- _Your goal_:
Copying starts at the line containing "Складной крючок, вращающийся" and stops after the last line of the records; each line is repeated exactly, and pictures are skipped.

(Data extracted from a collection)
..............................

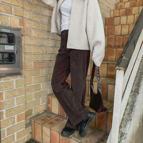 [다잇템_패션]여자 브라운계열 FW 와이드핏 골덴 고무줄 바지
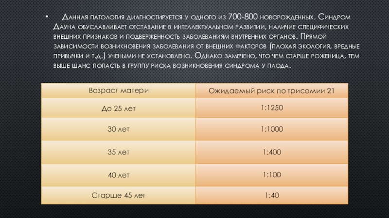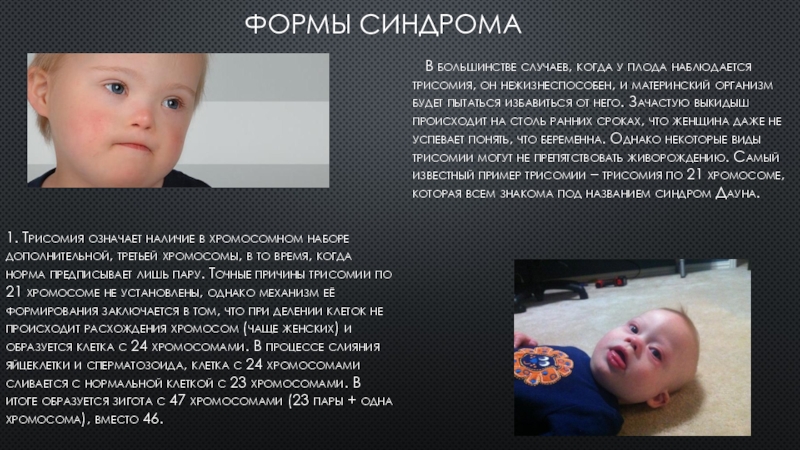 В большинстве случаев, когда у плода наблюдается трисомия, он нежизнеспособен, и материнский организм будет пытаться избавиться от него. Зачастую выкидыш происходит на столь ранних сроках, что женщина даже не успевает понять, что беременна. Однако некоторые виды трисомии могут не препятствовать живорождению. Самый известный пример трисомии – трисомия по 21 хромосоме, которая всем знакома под названием синдром Дауна.
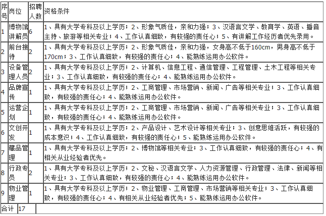 招聘工作人员17名,应聘人员在符合招聘基本条件基础上,需符合以下相关岗位应聘条件,详见下表:
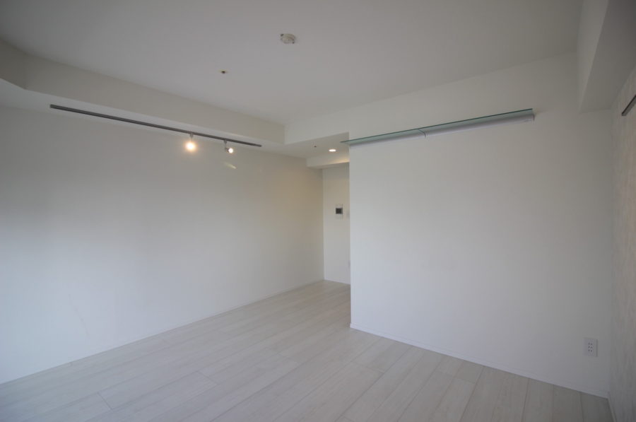 廊下を抜けると、白を基調としたワンルームタイプのSOHO空間。
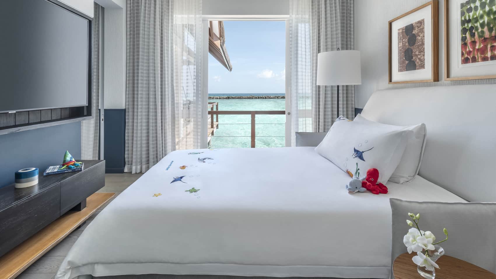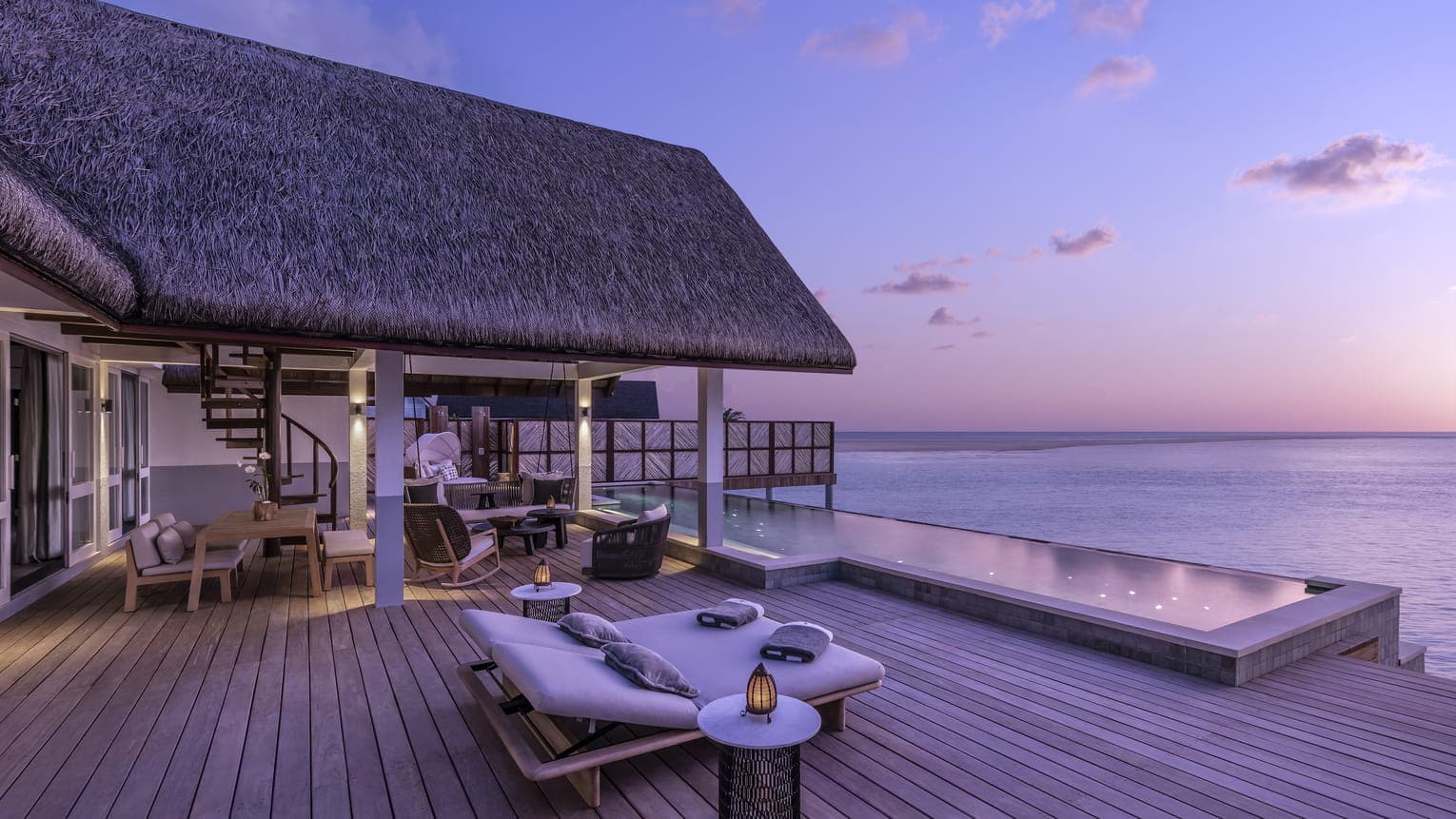 К услугам гостей наземные номера с собственным выходом на пляж, бассейном, душем на открытом воздухе и пышным собственным садом, а также виллы на воде с французскими окнами, откуда открывается панорамный вид на Индийский океан, просторной террасой для загара, душем под открытым небом и гамаками для отдыха над водой.
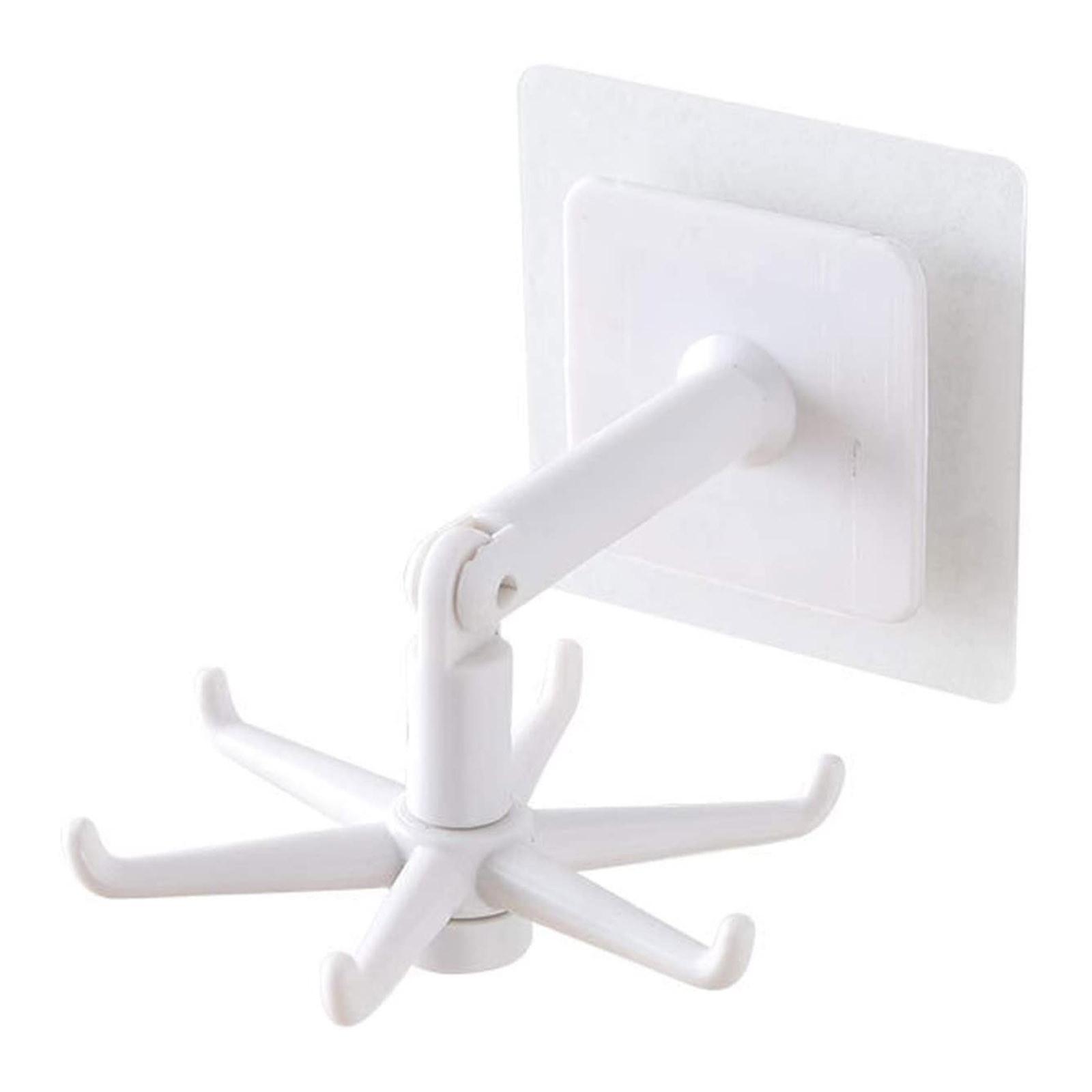 Складной крючок, вращающийся на 360 ° самоклеящиеся кухонные крючки, крючок для хранения на настенной полке WH белый
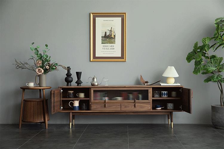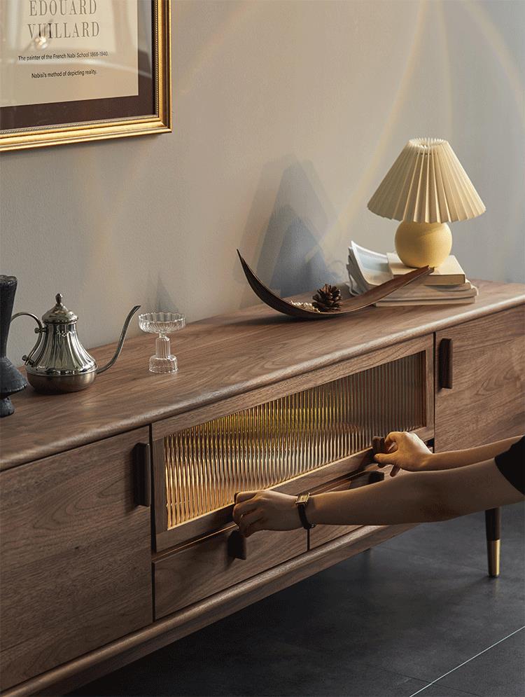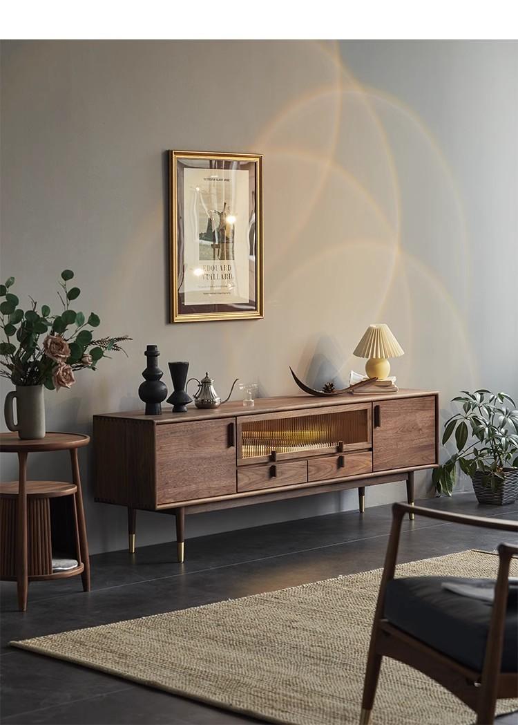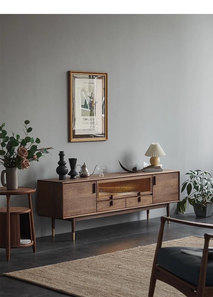 Gabinete de TV de Madera de Nogal Negro Nórdico Sala de Estar Simple Departamento Pequeño Entrada Lujo Mueble de Madera de Cerezo Gabinete de Almacenamiento
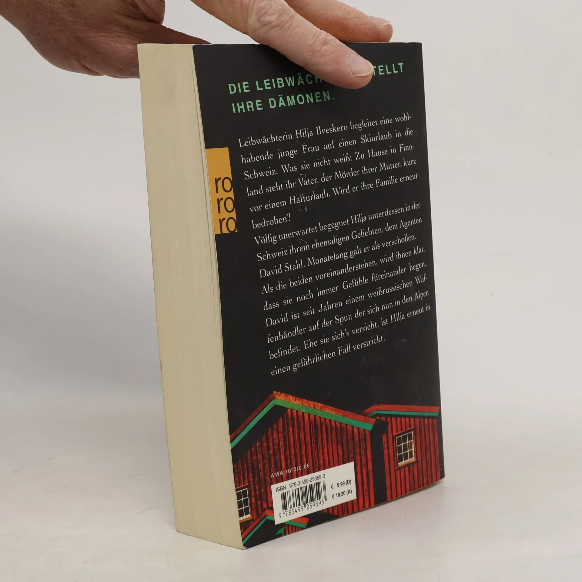 Die Leibwächterin stellt ihre Dämonen. Leibwächterin Hilja Ilveskero begleitet eine wohlhabende junge Frau auf einen Skiurlaub in die Schweiz. Was sie nicht weiß: Zu Hause in Finnland steht ihr Vater, der Mörder ihrer Mutter, kurz vor einem Hafturlaub. Wird er ihre Familie erneut bedrohen?Völlig unerwartet begegnet Hilja unterdessen in der Schweiz ihrem ehemaligen Geliebten, dem Agenten David Stahl. Monatelang galt er als verschollen. Als die beiden voreinander stehen, wird ihnen klar, dass sie noch immer Gefühle füreinander hegen. David ist seit Jahren einem weißrussischen Waffenhändler auf der Spur, der sich nun in den Alpen befindet. Ehe sie sich's versieht, ist Hilja erneut in einen gefährlichen Fall verstrickt.

..............................

- _Result below_:
 Складной крючок, вращающийся на 360 ° самоклеящиеся кухонные крючки, крючок для хранения на настенной полке WH белый
 Gabinete de TV de Madera de Nogal Negro Nórdico Sala de Estar Simple Departamento Pequeño Entrada Lujo Mueble de Madera de Cerezo Gabinete de Almacenamiento
 Die Leibwächterin stellt ihre Dämonen. Leibwächterin Hilja Ilveskero begleitet eine wohlhabende junge Frau auf einen Skiurlaub in die Schweiz. Was sie nicht weiß: Zu Hause in Finnland steht ihr Vater, der Mörder ihrer Mutter, kurz vor einem Hafturlaub. Wird er ihre Familie erneut bedrohen?Völlig unerwartet begegnet Hilja unterdessen in der Schweiz ihrem ehemaligen Geliebten, dem Agenten David Stahl. Monatelang galt er als verschollen. Als die beiden voreinander stehen, wird ihnen klar, dass sie noch immer Gefühle füreinander hegen. David ist seit Jahren einem weißrussischen Waffenhändler auf der Spur, der sich nun in den Alpen befindet. Ehe sie sich's versieht, ist Hilja erneut in einen gefährlichen Fall verstrickt.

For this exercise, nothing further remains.